───── DATA BELOW ─────

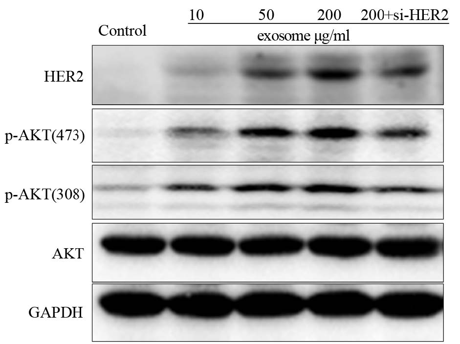 1.2.5 免疫印迹(Westernblot)实验 不同浓度的exosome作用96 h后,每组各收集1×106个细胞,裂解获取细胞总蛋白,各样品通过BCA法检测蛋白浓度,各蛋白样品按照上述检测所得浓度分别取50 μg行聚丙烯酰胺凝胶电泳,PVDF膜转膜并用脱脂奶粉封闭非特异性结合,依次孵育一抗及二抗最后用ECL显色液显影检测细胞中HER2、p-AKT(308)、p-AKT(473)和AKT的蛋白水平变化,以GAPDH作为内参,实验重复3次。
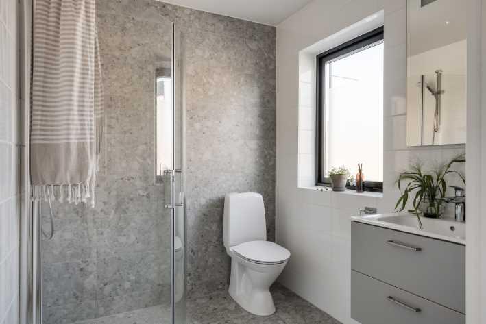 Bostadens andra badrum är likt det första med vitt kakel på väggarna tillsammans med grått klinkergolv Utrustat med wc, handfatskommod med ovansittande spegel med belysning samt duschhörna.
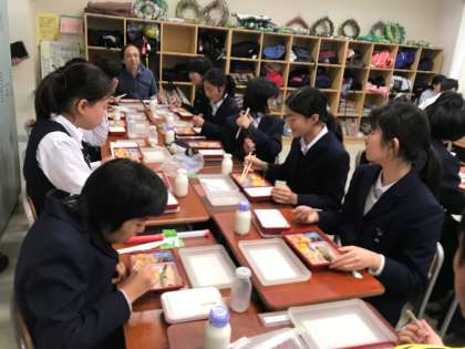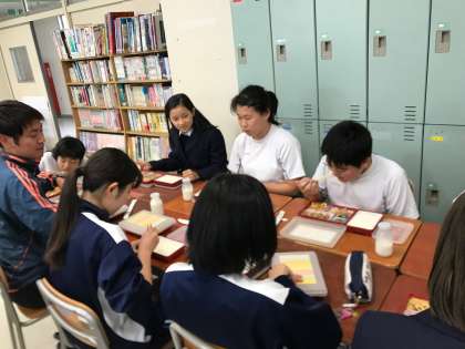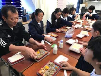 今週は、一年生との交流給食期間でした。15人の生徒が参加し、皆で楽しくお喋りしながら食事をしました。
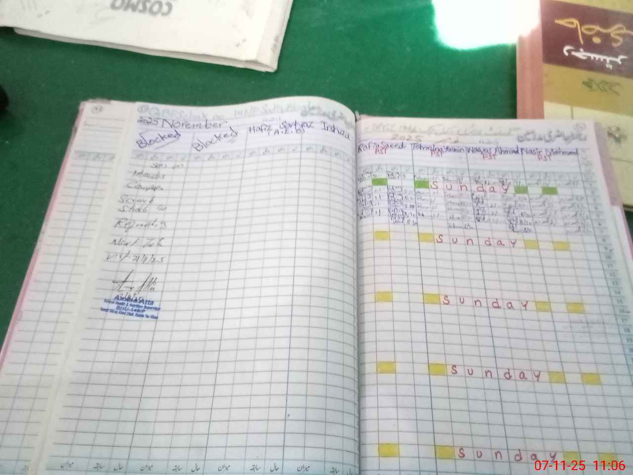 | School Visited by School Health & Nutrition Supervisor (No. of Visits) | 1 | Name1: | Amna atta | Name2: | |

─────

WHAT TO DO: Would you return all the data exactly as given, minus the pictures?

SOLUTION FOR THIS EXERCISE:
 1.2.5 免疫印迹(Westernblot)实验 不同浓度的exosome作用96 h后,每组各收集1×106个细胞,裂解获取细胞总蛋白,各样品通过BCA法检测蛋白浓度,各蛋白样品按照上述检测所得浓度分别取50 μg行聚丙烯酰胺凝胶电泳,PVDF膜转膜并用脱脂奶粉封闭非特异性结合,依次孵育一抗及二抗最后用ECL显色液显影检测细胞中HER2、p-AKT(308)、p-AKT(473)和AKT的蛋白水平变化,以GAPDH作为内参,实验重复3次。
 Bostadens andra badrum är likt det första med vitt kakel på väggarna tillsammans med grått klinkergolv Utrustat med wc, handfatskommod med ovansittande spegel med belysning samt duschhörna.
 今週は、一年生との交流給食期間でした。15人の生徒が参加し、皆で楽しくお喋りしながら食事をしました。
 | School Visited by School Health & Nutrition Supervisor (No. of Visits) | 1 | Name1: | Amna atta | Name2: | |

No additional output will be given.